According to the bariatric surgery society, 220,000 morbidly obese people had bariatric, or weight-loss, surgery in 2009. Fifteen million people are morbidly obese.

Samuel Wasser, a bariatric surgeon at Lourdes Medical Center Burlington County, said he sees a patient a week who wants surgery but is too thin to qualify. Crozer hears from two or three a month.

Area surgeons said gastric bypass remained the most common weight-loss procedure and the one that gets the largest, longest-lasting results. It reduces the stomach from the size of a football to a golf ball, the surgery society says. The smaller stomach is attached to the middle of the small intestine, bypassing its first two sections.

An advantage of adjustable gastric banding is that it's reversible, but a downside is that it requires frequent adjustments. Patients lose less weight with this procedure and gain more of it back, but they still lose enough to improve health, surgeons said.

A procedure growing in popularity is vertical-sleeve gastrectomy, which uses staples to make a smaller stomach. It now constitutes up to 20 percent of bariatric procedures at Penn and about 10 percent at Lourdes.

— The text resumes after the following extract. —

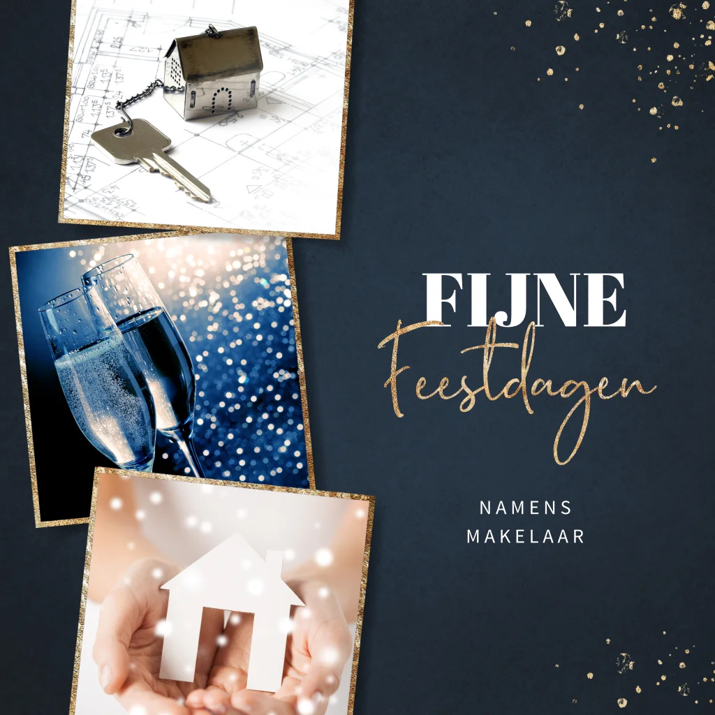 Donkerblauwe kerstkaart voor makelaars met fotokaders

Last month, an FDA panel also recommended approval for Contrave, a new diet drug with modest results. Wadden thinks Qnexa, a more effective drug that the FDA rejected in October, still has a shot at approval. There are concerns about side effects with both, said Wadden, a consultant to the makers of both drugs.

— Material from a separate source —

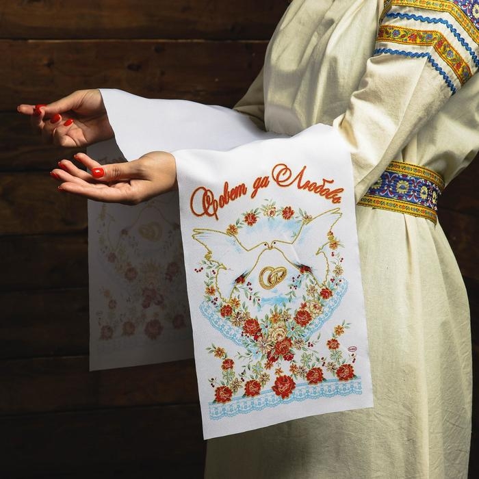 Рушник под ноги. Кто первым из молодых на него встанет — тому и быть хозяином в доме. Лучше отказаться от вариантов, на которых изображена пара голубей или лебедей, а также кольца. Считается, что супруги могут затоптать своё счастье. Лучше отдать предпочтение геометрическим или растительным узорам.

Wadden and colleague David Sarwer are studying chemical changes in the body after bariatric surgery. Wadden said there was evidence that changing the path food takes with bypass surgery created chemical changes in the body that affected appetite and insulin production. Surgeons report almost immediate improvement in blood sugar for diabetics, even before much weight is lost. Because they lose weight, Lap-Band patients also see improvement in diabetes but don't report the appetite change.

According to the surgery society, stomach bypass resolves Type 2 diabetes in almost 90 percent of patients, compared with 73 percent for band surgery.

In one study, Wadden's group will look at how patients with diabetes and lower BMIs respond to diet and exercise, Lap-Band surgery, and bypass surgery.

Debra Jenkins, a 58-year-old Philadelphia woman with a BMI of 33, had Lap-Band surgery as part of that study on Dec. 23.

She is on seven medicines for diabetes, sleep apnea, high cholesterol, high blood pressure, and acid reflux.

"Hopefully, this diabetes will just dissipate and I will be a happy camper," she said. "I will stick to my diet. I am so excited about this."